Technical specifications
- Chassis: Steel Backbone
- Suspension (front): Double Wishbone, Outboard Coil Spring / Damper
- Suspension (rear): Double Wishbone, Outboard Coil Spring / Damper
- Engine: Ford 4,727cc 289 cu in V8
- Transmission: ZF 5DS20 5 Speed Manual Synchromesh Limited Slip Differential

Competition history
- Notable entrants: Team Lotus
- Notable drivers: Jim Clark

= Lotus 30 =

The Lotus 30 was a racing automobile, Colin Chapman's first attempt at a large displacement sports car racing machine following the success of the more conventional tube frame Lotus 19,19b and Lotus 23., it was designed by Colin Chapman and Martin Wade, and built in 1964. The Lotus 30 was raced in British races such as Guards Trophy, international races such as Nassau Speed Week that allowed FIA Group 4 "Sports Car" class of racing machines, and more importantly, in Can Am series. These were before the recognition and creation of Group 5, 6 and 7 categories by FIA in 1966. This explains why Lotus 30 and 40 (the latter was built in 1965) came originally equipped with headlights, tail lights and a windscreen wiper.
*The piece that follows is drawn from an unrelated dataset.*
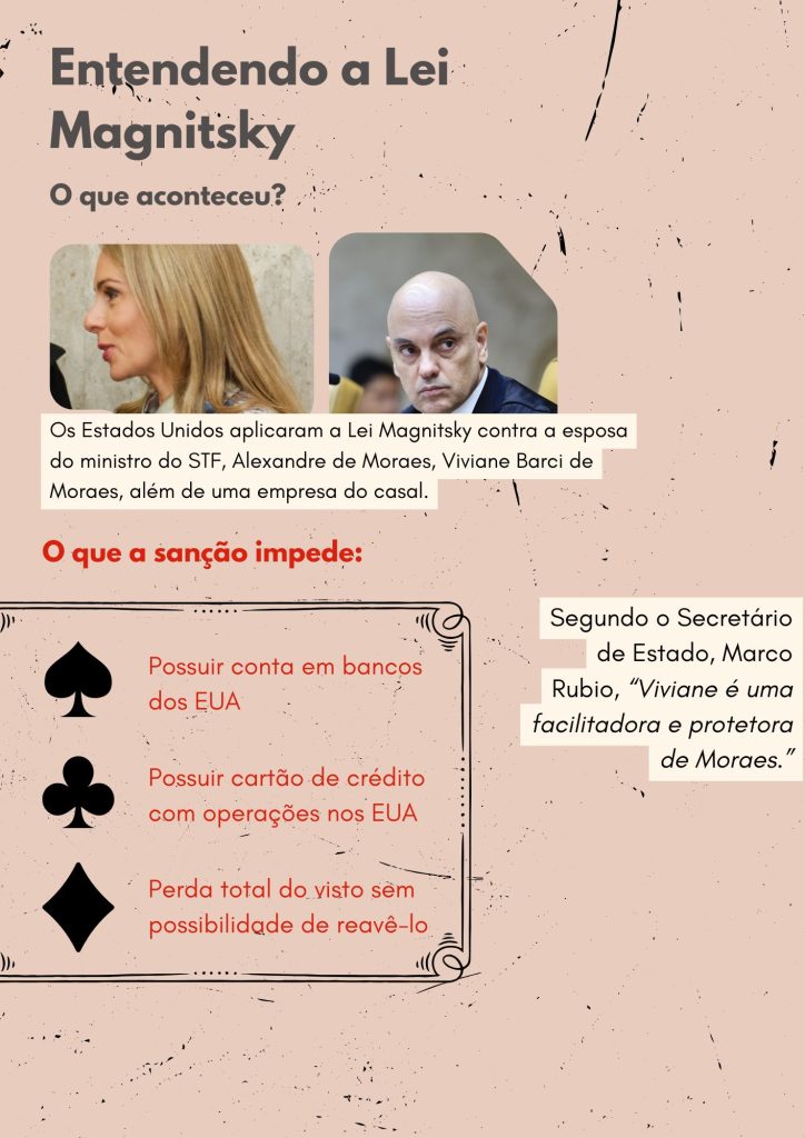 Segundo o secretário do Tesouro dos EUA Viviane Moraes oferece uma “rede de apoio financeiro” ao ministro já sancionado pela Lei Magnitsky.

Notable for its curvilinear fibreglass body work and "pickle fork" backbone chassis first seen in the front engine Lotus Elan, on the 30 the layout was reversed and placed the engine behind the driver. Lotus engineer Len Terry was asked by Chapman to comment on the draft concept and considered it to be so flawed he refused to have anything to do with it. The Lotus 30 was powered by a 4.7 litre (289 c.i.) Ford V8 engine, the same type as used in the Ford GT40, mated to a 5 speed ZF synchromesh 5DS20 transaxle which was far more reliable than the Colotti transaxle used in the 19B against the torque of the V8. It used 13 inch wheels and solid disc brakes on each wheel. The Lotus 30 was regarded as unsuccessful and / or dangerous but when everything was working and nothing broke, the car was incredibly fast.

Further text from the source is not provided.